The workflow uploads an artifact named self-serve-staging-smoke-<run-id>-<attempt> containing the JSON proof packet from the smoke script:

File	Source
`01-token-create.json`	BYOVM token create response
`02-doctor.json`	`cm-runner doctor` output
`03a-hcloud-create.json`	Hetzner VM provisioning response
`03b-agent-discovered.json`	Agent register-with-org discovery
`03-agent-online.json`	Agent online confirmation
`04-launch.json`	Template launch response (`run_id`)
`05-run-final.json`	Terminal run state
`cleanup-response.json`	Resource cleanup status

A go/no-go meeting must see these artifacts within the last 24 hours.
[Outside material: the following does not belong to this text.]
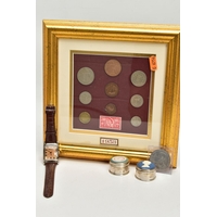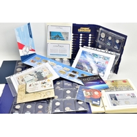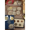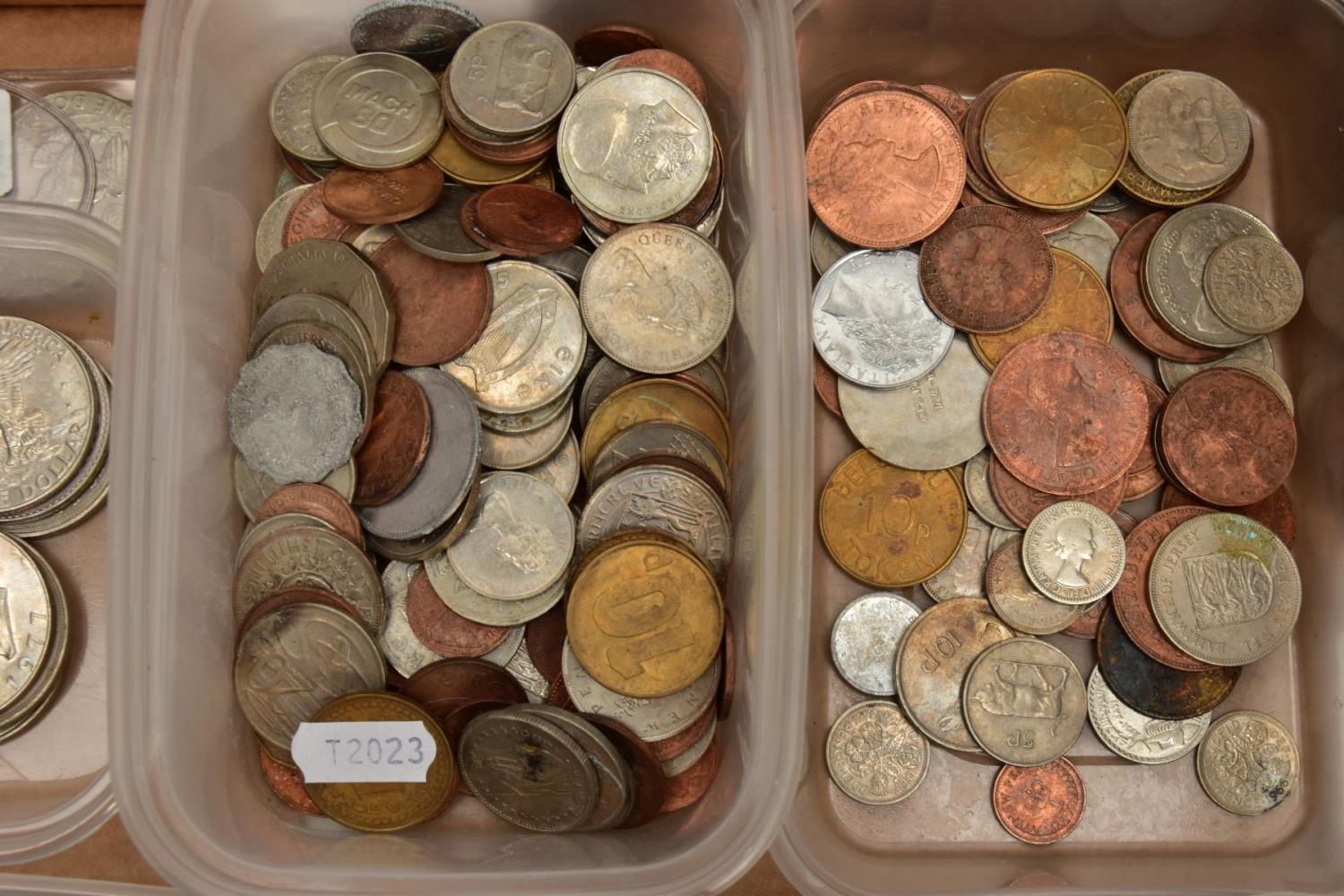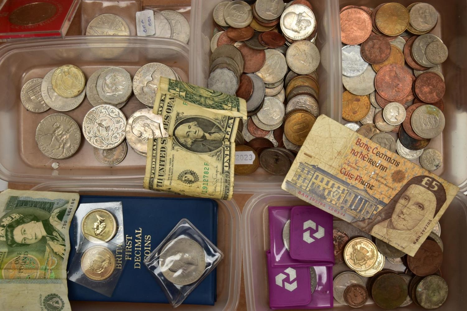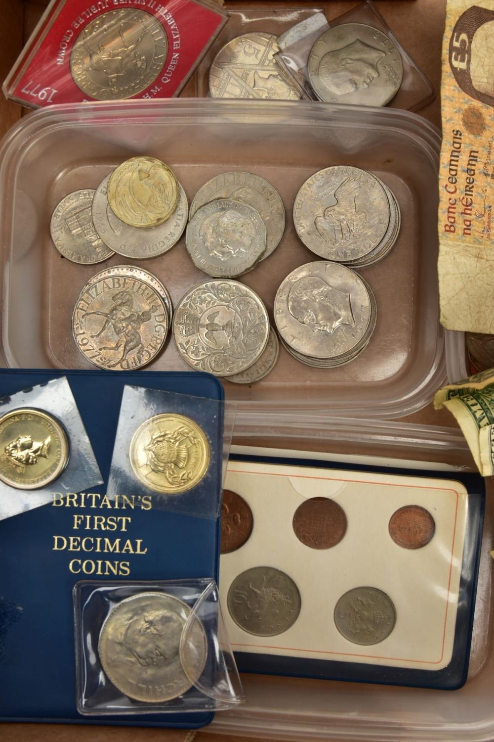 A BOX CONTAINING PLASTIC TRAYS OF MIXED WORLD COINS AND COMMEMORATIVES A 2001 £5 COIN ETC

If the artifact is older than 24h, rerun the workflow with workflow_dispatch before the meeting.

In addition the launch room expects the following local-script proof packets (run alongside the CI smoke, attached to the go/no-go doc):

scripts/print-launch-urls.sh --launch-proof — URL contradiction audit, must exit 0.
scripts/self-serve-launch-check.sh — local dashboard + backend + routes matrix, must exit 0.
scripts/golden-path-smoke.sh — signup → checkout → first API call, must exit 0.
scripts/launch-command-center.sh today — daily evidence packet for item 20 (no DB access required).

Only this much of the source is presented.